XIV
Через три дня Константину Григорьевичу на работу
принесли письмо от Ляли *. (* Письма Ляли Убийвовк хранятся в Полтавском
историческом музее.) "Папка, родной! - писала она. -
Ты мужчина и должен перенести все, что случится, как мужчина. У меня один на
сто шансов выйти отсюда. Я пишу не сгоряча, а хорошо
все обдумав. Духом не падаю, надежды не теряю до последней минуты. Однако,
если погибну, помни - вот мое завещание: мама, наверное, не переживет моей
смерти, но ты должен жить и бороться. Отсюда, из
самого нутра фашизма, я особенно ясно вижу, какое все это подлое, утонченное
варварство. И я счастлива тем, что и свою долю, как смогла, честно вложила в
то, чтоб освободить людей от этого варварства. Мы сделали немного, но мы искренне жаждали сделать гораздо больше для счастья наших людей, для нашей
Родины. Мы были ей верными в жизни и верными
умрем... Ребята все бодры и держатся прекрасно.
Никто из нас не жалеет и не пожалеет никогда, что отказался от "покаяния", за
которое нам было обещано сохранить жизнь. Мы гордимся вами, нашими роди-
телями, что ни у кого из вас во время свидания (которое было разрешено не из
"гуманности") не повернулся язык, чтоб "уговаривать" нас и толкать на путь
"покаяния" и "отречения" от комсомола... Мы боремся за свою жизнь другим
путем и знаем, что делаем. Наша жизнь - в наших убеждениях, в нашей чести, в
нашей чистоте перед Родиной, перед партией, которая воспитала нас
такими. За это идти на смерть не страшно, и я чувствую
себя спокойной. Каждое это слово - завещание. Целую всех сердечно. Привет
друзьям". На оборотной стороне - постскриптум:
"Хочу, если не будет выхода, погибнуть от собственной руки, потому заклинаю
тебя, папа, твоей любовью ко мне: принеси мне - и сегодня же - опий, у нас
дома есть в бутылке ровно столько, сколько надо, чтобы не промахнуться.

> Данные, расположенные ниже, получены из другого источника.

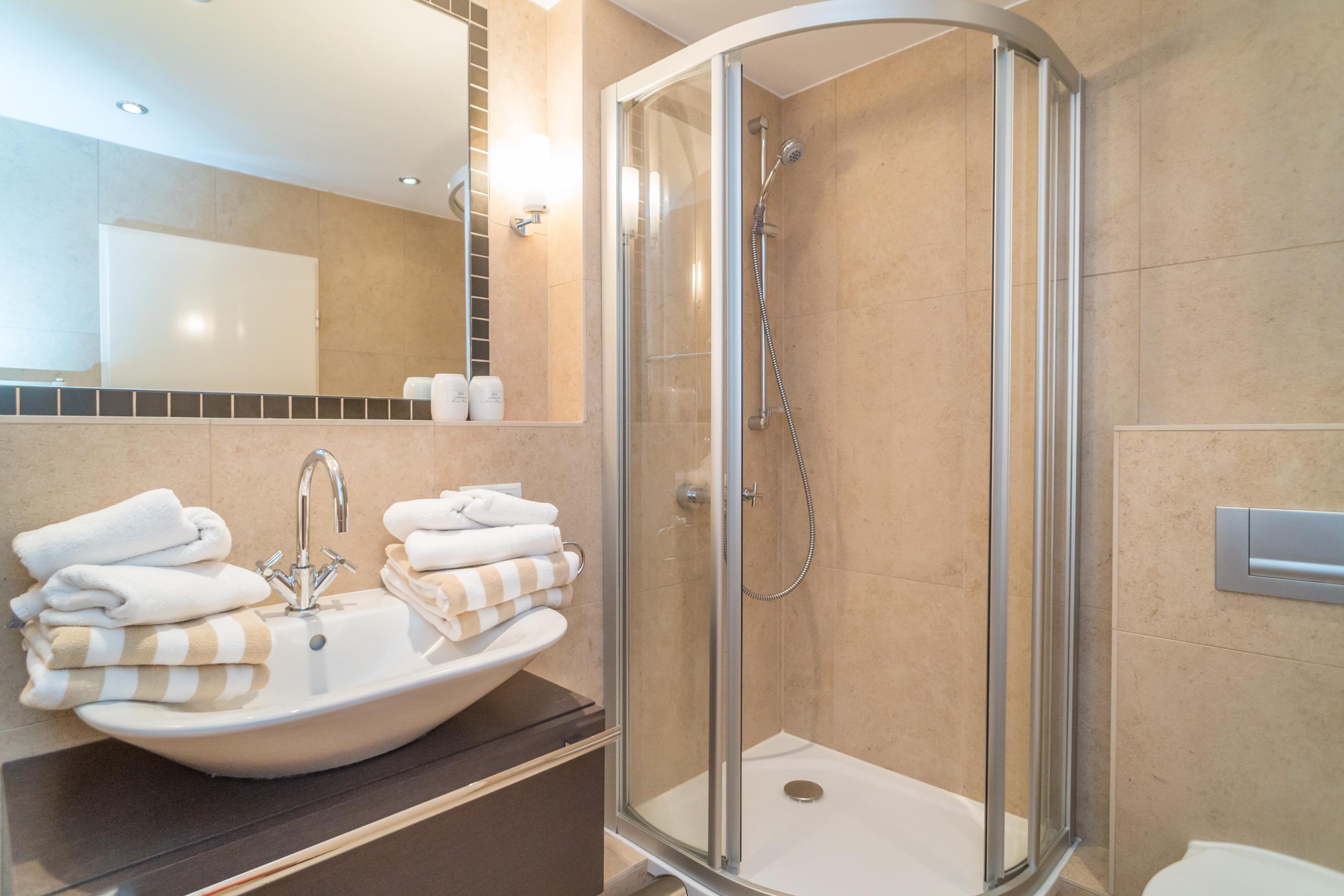 Das exklusive Bad mit großzügiger Dusche und edlem Waschtisch ist komplett in italienischem Naturstein gehalten.
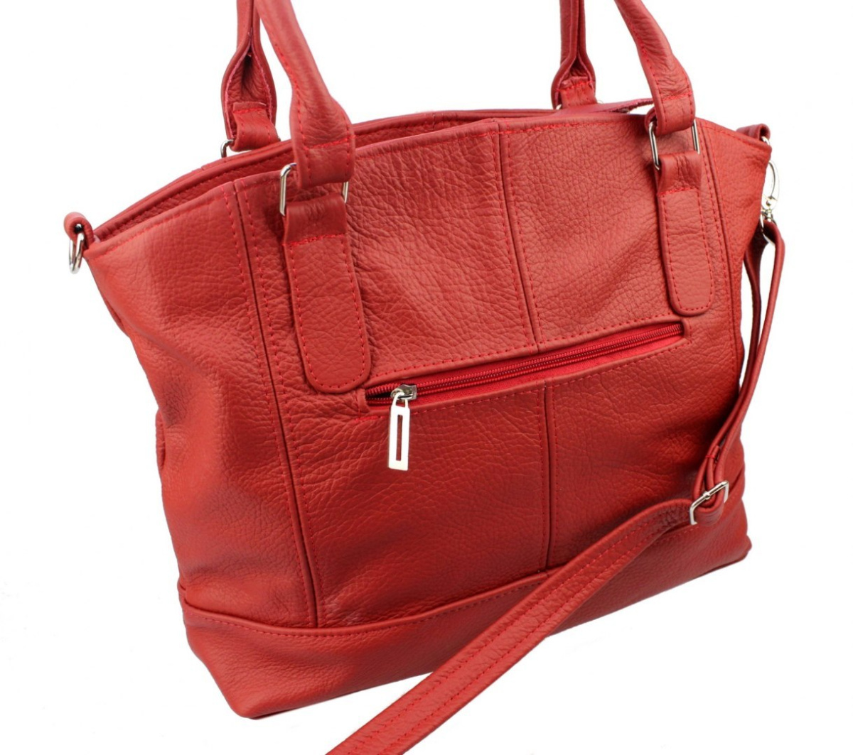 Torebka Skórzana MAGRE (PL) Violetta Bis Skóra Naturalna CZERWONYElegancka torebka polskiej firmy Marge w kolorze czerwonym to bardzo oryginalny dodatek. Będzie ciekawym uzupełnieniem stylizacji casualowych oraz tych bardziej eleganckich. Torebka Violetta Bis to produkt solidny i wykonany z wysokiej jakości skóry naturalnej. Dzięki temu torebka jest nie tylko piękna i bardzo stylowa, ale jednocześnie też trwała. Wytrzymałość tego produktu zwiększa również fakt, że jest to torebka szyta, a nie klejona. Dużą zaletą tego modelu są jego wymiary, które wynoszą 40x29x10,5 cm. Rączka ma długość 60 cm, a odpinany, regulowany pasek może mieć maksymalnie 120 cm. Wszystkie te parametry sprawiają, że torebka jest praktyczna i bardzo wygodna w codziennym użytkowaniu. Pomieści wszystkie najważniejsze przedmioty, które właścicielka chce mieć zawsze przy sobie.

Помни, что пишу не сгоряча и преждевременно ничего не сделаю. Передай и
будь молодчиной. Маму пока что не волнуй". Прочитав
письмо, врач постоял некоторое время возле стола, потом вышел из пункта
скорой помощи и направился домой. Как только он появился на пороге комнаты,
Надежда Григорьевна сразу почувствовала, что случилась
беда. - Что с тобой, Костя? Ты с работы? Он молча
прошел к своему шкафчику с медикаментами, остановился перед ним, постоял.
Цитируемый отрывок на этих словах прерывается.